Mit Beschluss vom 18.04.2013, den Beteiligten selbst per Empfangsbekenntnis zugestellt und - jeweils überregional - in der Süddeutschen Zeitung und der FAZ sowie im elektronischen Bundesanzeiger am 18.05.2013, 21.05.2013 bzw. am 31.05.2013 veröffentlicht, hat das Sozialgericht die von den streitigen Beitragsnachforderungen betroffenen, mehr als 20 Leiharbeitnehmer/innen der Klägerin und Sozialversicherungsträger unter Hinweis auf § 75 Abs. 2a SGG aufgefordert, bis zum 30.08.2013 ihre Beiladung zu beantragen, ohne dass ein solcher Antrag bis zur mündlichen Verhandlung gestellt worden wäre, so dass das Gericht insoweit dann auch von einer solchen Beiladung abgesehen hat.

Bezüglich der weiteren Einzelheiten des Sach- und Streitstands wird Bezug genommen auf den Inhalt der Gerichtsakte sowie auf den Inhalt der beigezogenen Verwaltungsakte des Beklagten, der auch Gegenstand der mündlichen Verhandlung am 29.01.2014 gewesen ist.

Entscheidungsgründe:

Die zulässige Klage ist überwiegend unbegründet.

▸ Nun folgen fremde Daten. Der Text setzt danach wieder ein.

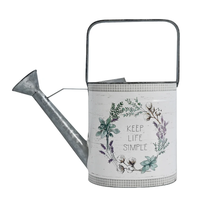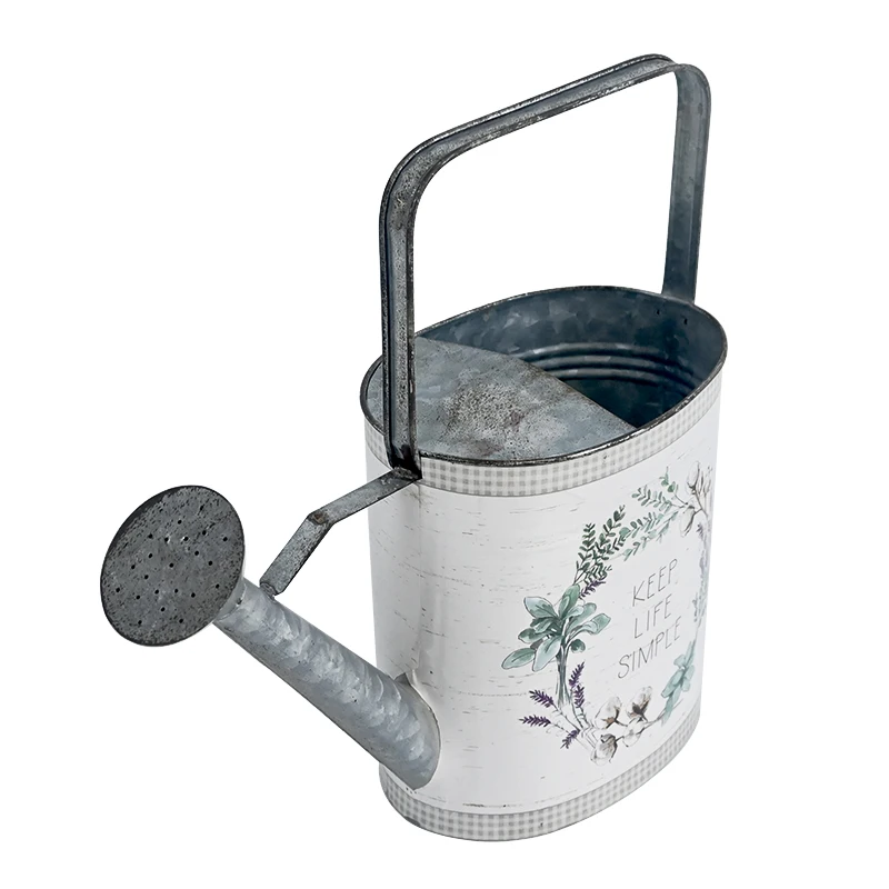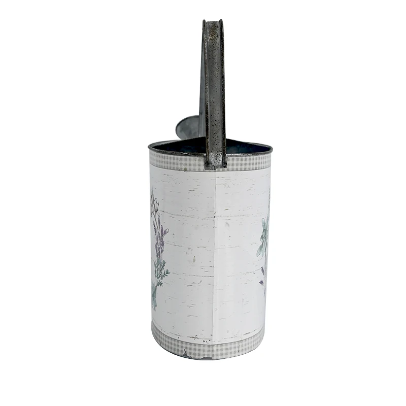 Arrosoir décoratif en zinc et motifs fleurs style campagnard
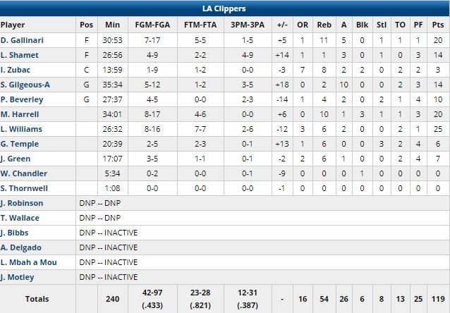 Autour de lui, Danilo Gallinari a signé 20 points et 11 rebonds, Montrezl Harrell 20 points et 10 rebonds, Shai Gilgeous-Alexander 14 points et 10 passes. En face D’Angelo Russll a terminé à 32 points et 10 passes, Carroll 22. En tête 46-27 à 8’07 de la mi-temps, ils ont subi un 33-9 (11/14 aux tirs) sur les 8 minutes suivantes et à la pause, L.A. était devant 60-55. Un 3-points de Landry Shamet avait ensuite donné 11 points d’avance aux locaux mais les Nets avaient recollé à 87 partout à l’entame du 4ème.

Der Bescheid vom 05.12.2011 in der Gestalt des Widerspruchsbescheides vom 24.10.2012 ist rechtswidrig, soweit die Beklagte damit Nachforderungen für die Zeit vom 01.12.2005 bis zum 31.12.2006 geltend macht. Im Übrigen ist der angegriffene Bescheid rechtmäßig und verletzt die Klägerin nicht in ihren Rechten.

Die Ansprüche der Beklagten auf Beiträge sind für die Zeit vom 01.12.2005 bis zum 31.12.2006 jedenfalls verjährt. Nach § 25 Abs. 1 S. 1 SGB IV verjähren Ansprüche auf Beiträge in 4 Jahren nach Ablauf des Kalenderjahres, in dem sie fällig geworden sind. Gemäß § 23 Abs. 1 S. 2 SGB IV in der Fassung der Bekanntmachung vom 23.01.2006 (BGBl. I, S. 86) wurden im Jahr 2006 Beiträge, die nach dem Arbeitsentgelt zu bemessen waren, in voraussichtlicher Höhe der Beitragsschuld spätestens am drittletzten Bankarbeitstag des Monats fällig, in dem die Beschäftigung, mit der das Arbeitsentgelt erzielt wurde, ausgeübt worden ist. Damit sind alle im Jahr 2006 fällig gewordenen Beitragsansprüche mit Ablauf des 31.12.2010 nach der Regelverjährungsfrist verjährt.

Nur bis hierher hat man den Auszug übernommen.